SAS unveils financial crimes suite

Source: SAS

Getting away with financial crime just got harder. The latest SAS Financial Crimes Suite arms institutions to detect potential suspicious activity more efficiently than ever.

A new customer due diligence solution within the suite more accurately detects changes in a customer's risk profile. Enhanced anti-money laundering and case management capabilities also make it easier to have a complete view of threats across an institution's financial crimes investigation unit.

"A comprehensive view of potential threats will help in efforts to thwart criminals from successful attempts of hiding illicit funds," said James Wester, Global Payments Research Director at IDC Financial Insights. "A technology infrastructure with customer risk rating and high-performance analytics will help speed detection and investigation in all channels. Companies like SAS are bringing to market a full suite of modules to support money laundering compliance, customer due diligence and fraud prevention all within a unified framework and user interface for more efficient investigations."

Today's rigorous regulatory environment requires banks to move quickly with confidence. SAS Financial Crimes Suite uses a visual scenario designer to recommend optimal detection models. The designer instantly assesses the impact of potential scenarios and risk-rating changes. In-memory architecture speeds analysis of real-time testing environments, reducing guesswork through improved model efficiency.

SAS® can focus precious resources on the highest-risk relationships

To identify potential money launderers and people funneling money to terrorists, institutions must constantly assess customer activity. The new SAS Customer Due Diligence does this by weighing all customer data to set baseline expectations.

Data management features easily integrate key customer attributes from external sources and detect incriminating relationships. The regulatory reporting interface controls both workflow and investigations. Context-aware analytics intercept and assess events for possible risk. The resulting baseline customer score can be automatically updated with a new risk rating based on behavior changes.

The solution streamlines the review process by:

  • Making financial institutions aware of changes in customer behavior faster than ever.
  • Providing a risk-rating feature to ensure adherence to standard policies, procedures and controls through flexible workflow.
  • Offering fully auditable case management that automatically tracks all aspects of investigations for consistent investigative and quality assurance processes.

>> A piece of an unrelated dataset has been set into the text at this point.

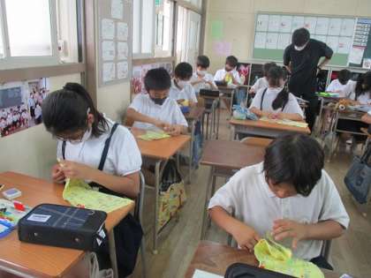 家庭科も「なみぬい」「本返しぬい」「半返しぬい」の練習をしています。間に合わなかった子も、家で続きしてきたいという子が増えてきました。来週で基礎的な作業の練習はおしまいです。
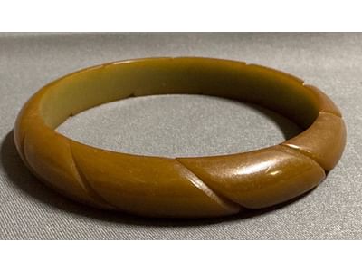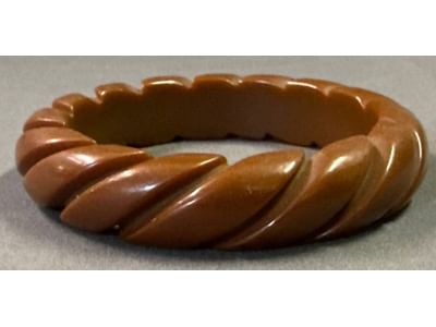 1 Carved Bakelite Bangle Bracelet in Brown Tone

SAS amps up detection for more effective investigations, case management

Time is critical in combating money laundering. SAS High-Performance Anti-Money Laundering speeds relevant information to investigators in minutes, rather than hours. By adding enhanced correspondent banking scenarios to the solution's data model, SAS further strengthened the detection layer to zero in on potential criminals. The new relationship grid helps investigators review subjects faster by quickly assessing party details associated with possible delinquent behavior.

To increase detection capabilities, a peer group anomaly component has also been added to SAS High-Performance Anti-Money Laundering, which compares an entity's behavior to its historical behavior and the behavior of its peer groups. Peer grouping has also been expanded, adding multiple peer groups and analytics to detect outliers on expected behavior.

SAS High-Performance Anti-Money Laundering increases monitoring effectiveness and efficiency through rapid information from new scenario tests via live production data.

SAS Enterprise Case Management has also been enhanced by replacing advanced querying with a single search field, encompassing all content included in the SAS solution. Information is captured and tracked through a central audit service, making investigations seamlessly auditable. More efficient investigations result from the new "to do" lists in the subject field of cases.